Story highlights
Zhou Yongkang had been one of nine on China's top decision-making body
State news: He's been arrested and expelled from the Communist Party
Investigators found Zhou took bribes, helped others, traded power for sex
He's one of several people ensnared in China's anti-corruption campaign
China’s former top domestic security official, Zhou Yongkang, has been arrested as part of a corruption probe, the country’s state-run Xinhua news agency reports.
Zhou – who had been one of nine members of China’s top decision-making body, the Politburo Standing Committee, before stepping down in late 2012 – was also expelled from the Communist Party, according to Xinhua, citing a decision made Friday at a meeting of the party central committee’s political bureau.

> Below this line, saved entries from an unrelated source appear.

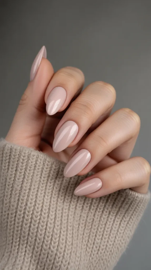 Almond blush nude nails are delicate and flattering on everyone. The blush undertone adds a soft rosy warmth that feels just right for winter nails season. Simple, glossy, and endlessly elegant the definition of classy nails charm. 🌸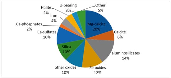 Most of the constituents of ambient atmospheric dust in the USC are anthropogenic, including rock-forming minerals that may have been released during mineral processing or construction [32]. Major airborne dust phases include: quartz (>20 vol. %), soot (<10 vol. % in summer and up to 90 vol. % in winter), fly-ash (20 vol. % throughout the year), gypsum (20 vol. % in winter), and Fe-oxides (hematite, magnetite, wüstite). In addition to the major constituents, over 30 minor- or accessory mineral phases have been identified in atmospheric dust samples in the USC [32,33,34].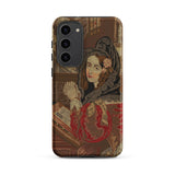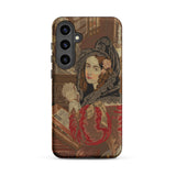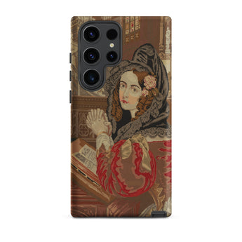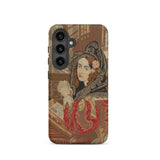 Cette coque Samsung transforme le tableau dévotionnel en un artefact portable, fusionnant la broderie du XIXe siècle, l'architecture médiévale et le portrait historique en une coque protectrice pour la technologie moderne, équilibrant la chaleur de l'artisanat avec la gravité architecturale.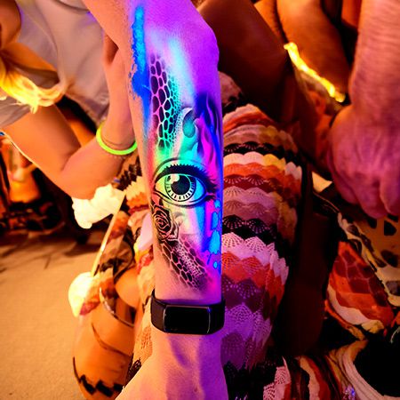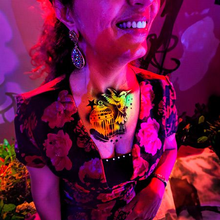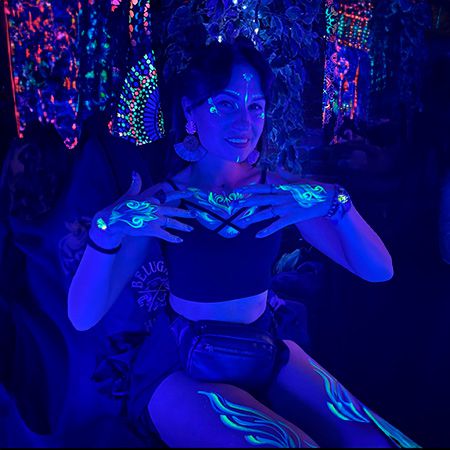 As a skilled UV tattoo and face paint artist, she adorns guests' faces and bodies with mesmerizing designs, turning them into living works of art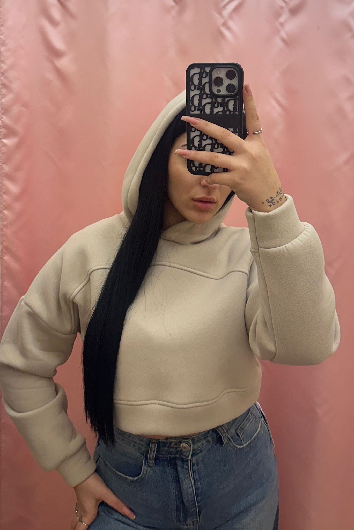 Felpa hoddie stile crop con cappuccio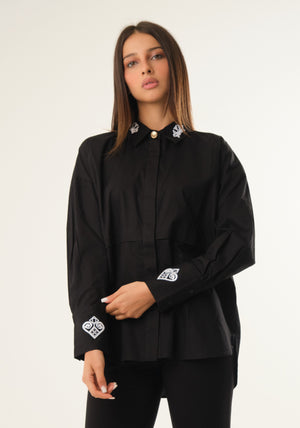 Camicia over con rivetto al centro, maniche lunghe, colletto e polsino con dettaglio a contrasto di colore

The decision comes amid a much touted anti-corruption campaign launched by President Xi Jinping, one that has already ensnared several men who had once been prominent figures in government and the ruling Communist Party.

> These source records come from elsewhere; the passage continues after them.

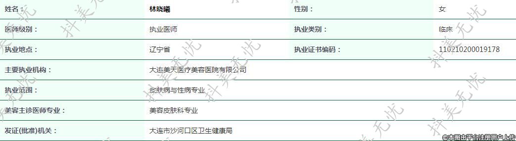主要執(zhí)業(yè)機構(gòu):大連美天醫(yī)療美容醫(yī)院有限公司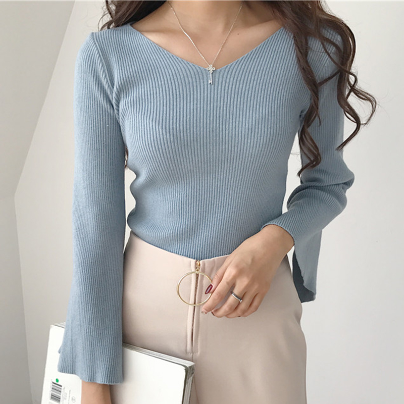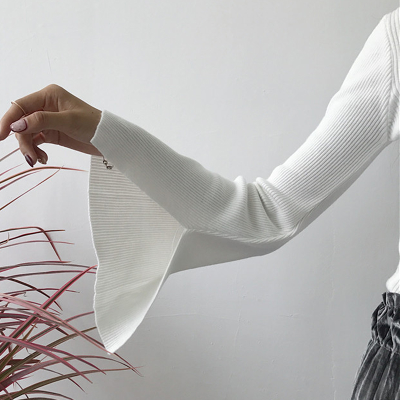 / 秋裝女新款港味復古開叉喇叭長袖針織衫氣質黑色修身打底短款上衣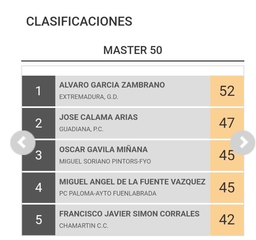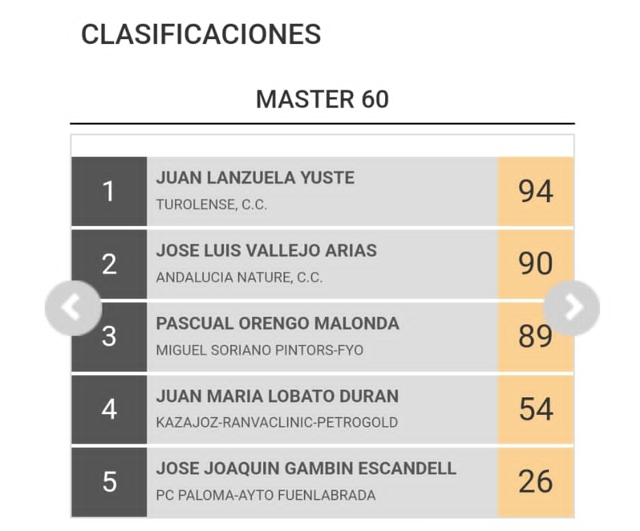 A falta de dos jornadas para el final los corredores del Miguel Soriano Pintors-FYO, Óscar Gavila y Pascual Orengo Malonda luchan por conquistar los maillots de líderes en las categorías Máster 50 y 60, respectivamente. Gavila es tercero con 45 puntos por los 52 de Álvaro García, que comanda la clasificación. Por su parte, Pascual Orengo Malonda cuenta con 89, cinco menos que Juan Lanzuela, que lidera la lista de los M60. Tendrán a su lado su compañeros José Manuel Martínez Bevia para ayudarles.

Corruption is a lightning rod for public discontent across the Asian nation, which for decades has been run by the Communist Party. After taking power in late 2012, Xi banned official extravagance – from banquets to year-end gifts – and vowed to target “flies and tigers” alike in his fight against corruption when describing his resolve to spare no one, regardless of position.

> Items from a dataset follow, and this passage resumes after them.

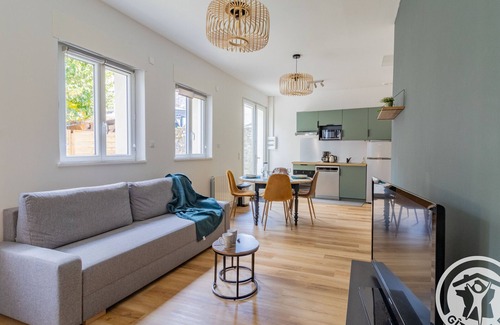 Inside, the colors are soft and pleasant. The main room of 24m² offers a small fully equipped kitchen, a dining area for 4 people and a living room with television. Small bedroom of 9 m² with 2 beds of 90x190cm and a bedroom of 12m² with a bed of 140x190cm. Both bedrooms have a clear view of the garden without any vis-à-vis. The beds are made on your arrival. Shower room and separate toilet.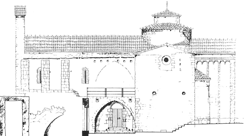 Capçalera de llevant amb l’absis major carrat i una absidiola lateral reconstruïda sobre les seves bases.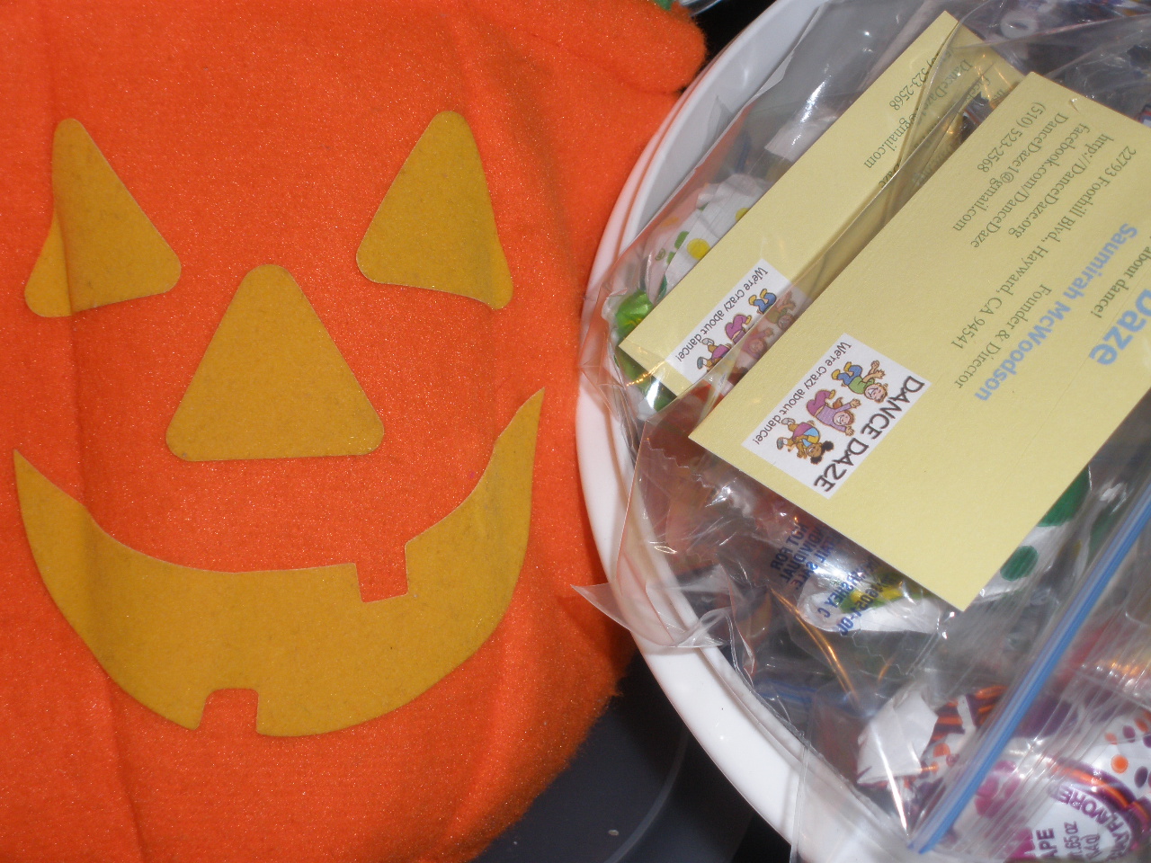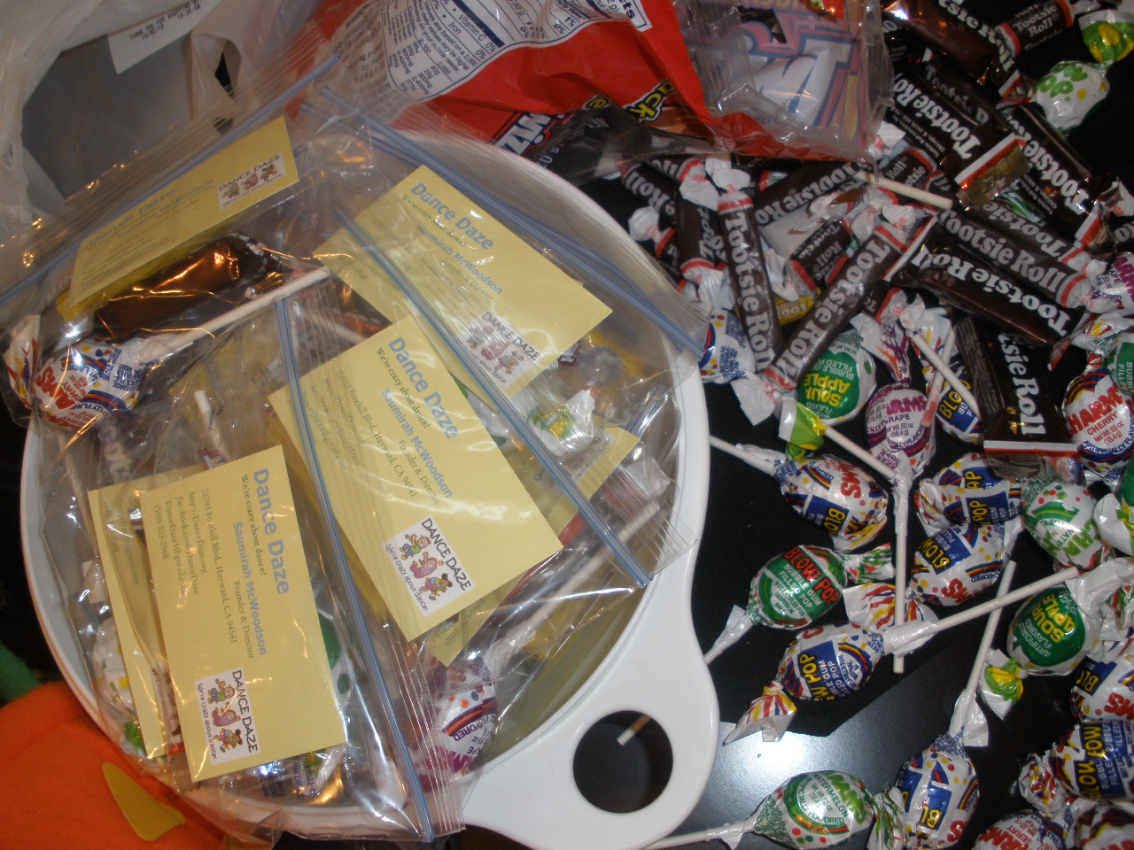 Because of this, I thought Halloween would be the perfect opportunity to both promote Dance Daze and encourage healthy eating! Last night, I gave out bags of fat-free mini pretzels to my trick-or-treaters, complete with my Dance Daze business cards attached!

One of them was Gen. Xu Caihou, a former vice chairman of the Central Military Commission, which runs the world’s largest standing army. Xu was expelled from the party and handed over to prosecutors after being found to have accepted bribes, Xinhua reported in June. Like Zhou, Xu was in the Politburo before retiring in 2012.
Also this summer, Xinhua reported on the downfall of Su Rong, a former vice chairman of China’s top political advisory body. State media reported that Su and his wife profited tremendously through bribes and illegal land deals when he ran the southeastern province of Jiangxi.
Zhou officially got caught up in this campaign in July, when the Communist Party announced it was opening a probe into the retired senior leader for a suspected if then unspecified “serious disciplinary violation.”
According to a statement released Saturday by the Supreme People’s Procuratorate, or China’s prosecutor’s office, an investigation determined that Zhou took advantage of his positions to garner profits for others “and accepted huge bribes personally and through his family,” Xinhua reported. He did so to help relatives, mistresses and friends, leaking party and country secrets while hurting state-owned assets, according to Xinhua.
The same report noted that investigators found that Zhou had affairs with a number of women, trading “his power for sex and money.”
“What Zhou did completely deviated from the (Communist) Party’s nature and mission, and seriously violated Party discipline,” Xinhua said, citing the statement from the procuratorate. His behavior “badly undermined the reputation of the Party, significantly damaged the cause of the Party and the people and have yielded serious consequences.”